Hey, I've actually been wondering about this the last few days given linkedin shows high numbers of applicants for recently posted jobs. I have one main question - are you submitting multi-page resumes? I've been wondering if I should basically be submitting a CV for cold applications with a focus on resume scanning, and have a 1 page resume that I can send when communicating with real people

notsurenymore|2 years ago

I try to keep my resume to one page, it’s just old advice I love heard since I was a kid. I’m not sure if it’s still good advice though, I’ve seen suggestions that it’s a hold over from before online ATS systems were common.

I also try to keep the formatting simple in hopes that the parser has an easier time. I had a previous resume that had a slightly more complex layout that I thing compiled down to tables, but recently I’ve been using one with a simpler linear/hierarchical format.

I’ve also removed some stuff I used to have on there, such as contributions to open source projects. No one I’ve ever talked to has cared about that stuff, even when the market was easier, but I suspect that’s partly because the OSS stuff I’ve done is in a different domain from my professional career.
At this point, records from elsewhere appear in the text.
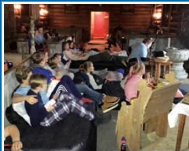
Tekst og bilde: Randi Bakken Vassplassen

Fra Lys våken i Sel kirke første helga i advent. Barn opplever kirka som et sted å være våken for livet rundt seg og for Gud. Lys våken er et årlig arrangement med god oppslutning av 12 åringer i fint samspill med ungdomsledere. Vi hadde stort fokus på sang, lek og øving til søndagens Lys våken gudstjeneste. Dette resulterte blant annet i en liten «musikal» med Kristuskransen som tema. Super helg med barn og ungdommer!
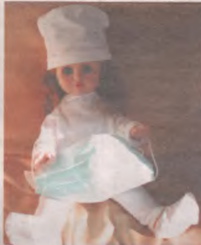
■ Вирус добрался и до детей, и до спортсменов. Не забывайте носить маски.

Что касается учреждений дополнительного образования, то они продолжают работать дистанционно. Исключение сделано только для организаций, у которых есть большие площади и они могут организовать
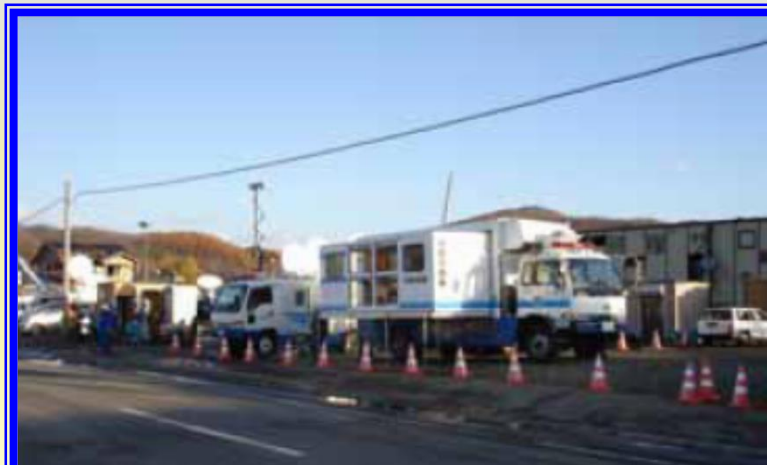
H18.11 突風災害による出動(佐呂間町)
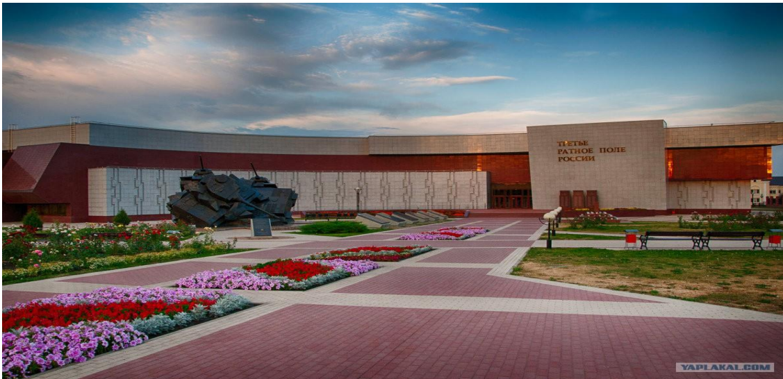
Мемориальный комплекс «Прохоровское поле».

-Ребята, с победой на Прохоровском поле Великая Отечественная война еще не окончилась. Было еще много битв в нашей стране и за ее пределами.
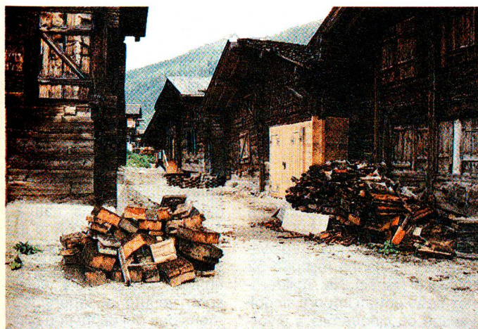
I nuovi balconi chiari risaltano accanto a quelli scuri che hanno resistito all'inondazione.
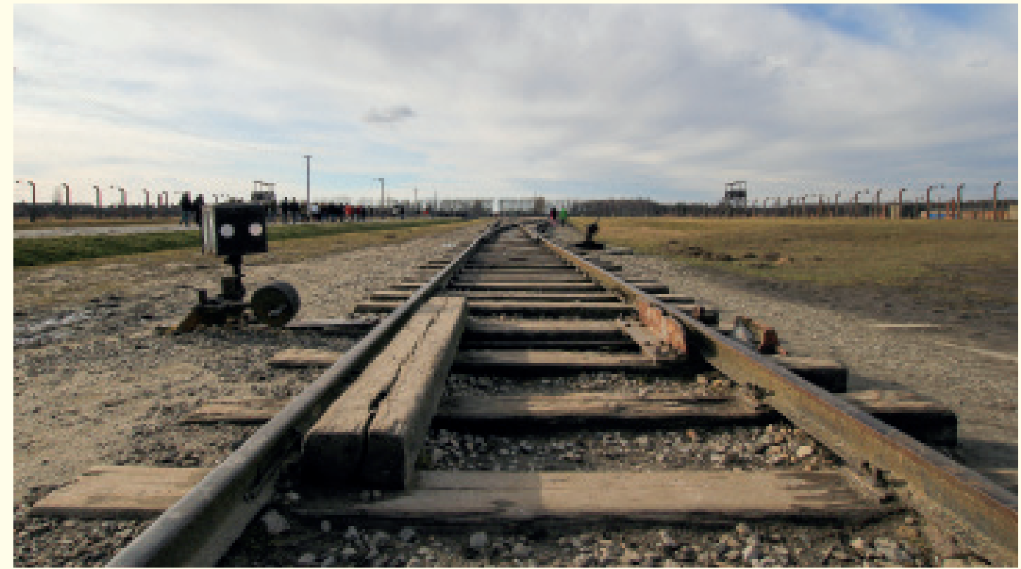
Nog een beeld dat de enorme uitgestrektheid van dit moordkamp illustreert. Het eerste 'losplatform', gelegen naast Auschwitz I, was in gebruik gedurende de hele periode dat het Auschwitz-kampcomplex operationeel was en bediende voornamelijk het hoofdkamp. De tweede losplaats (de zgn. Alte Judenrampe ) werd in 1942 in gebruik genomen en was gelegen op het terrein van het goederenstation van Oświęcim, tussen Auschwitz en Birkenau. De derde werd vanaf 1943 gebouwd binnen het kamp Birkenau en in mei 1944 in gebruik genomen. De spoorlijn langs deze losplaats liep tot aan de gaskamers en crematoria II en III.
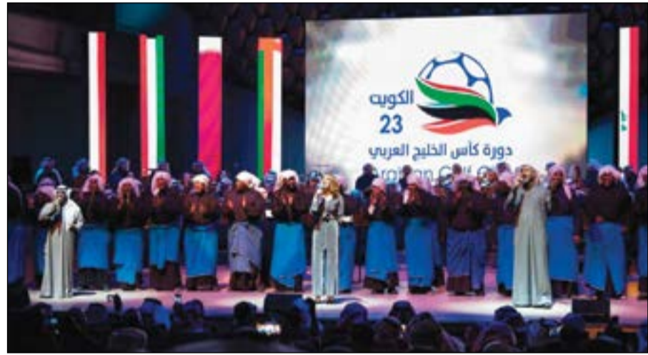
لوحة تراثية تغنت بحب الكويت والخليج
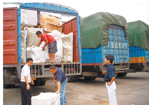
2005年10月，广昌物流从业人员正在装货。（资料图）

Right now, most rejections I get at the ATS stage don’t come till 2-3 weeks after the application.

bluGill|2 years ago

Your goal is to have enough keywords that the automated tools pass you onto the hiring manager. You can find these in the job description, so make sure all keywords that even somewhat fit are there (don't claim something you don't have! - that might get you an interview but will kill your chance even if otherwise you were fine).

The real goal is when a human reads your resume they decide to call you in for an interview. That human doesn't have time for your whole CV, so even though it might get you to that person, it won't get you an interview: forget about the cold applications to a program, you are just wasting the other person's time if you get past the machine. If you have a job only apply to jobs you have looked into enough to know they are worth accepting an offer if you get one. If you don't have a job you can't be as picky - but you have a lot more time to investigate potential companies and design a resume to get their attention.

So my advice as someone who might read your resume: read the job ad and then modify your resume to make it fit. Don't remove unrelated jobs, but make them a couple lines, while jobs where you did things more inline with what they want get more attention. I only glance at cover letters so I wouldn't recommend you spend much time on them. Note that the above is focused on me - others are different but I can only advise how to get my attention: you get to figure out how/if it generalizes.

Honestly, finding someone worth hiring is hard. I want to know if you can do the job and nothing about the process is very good there.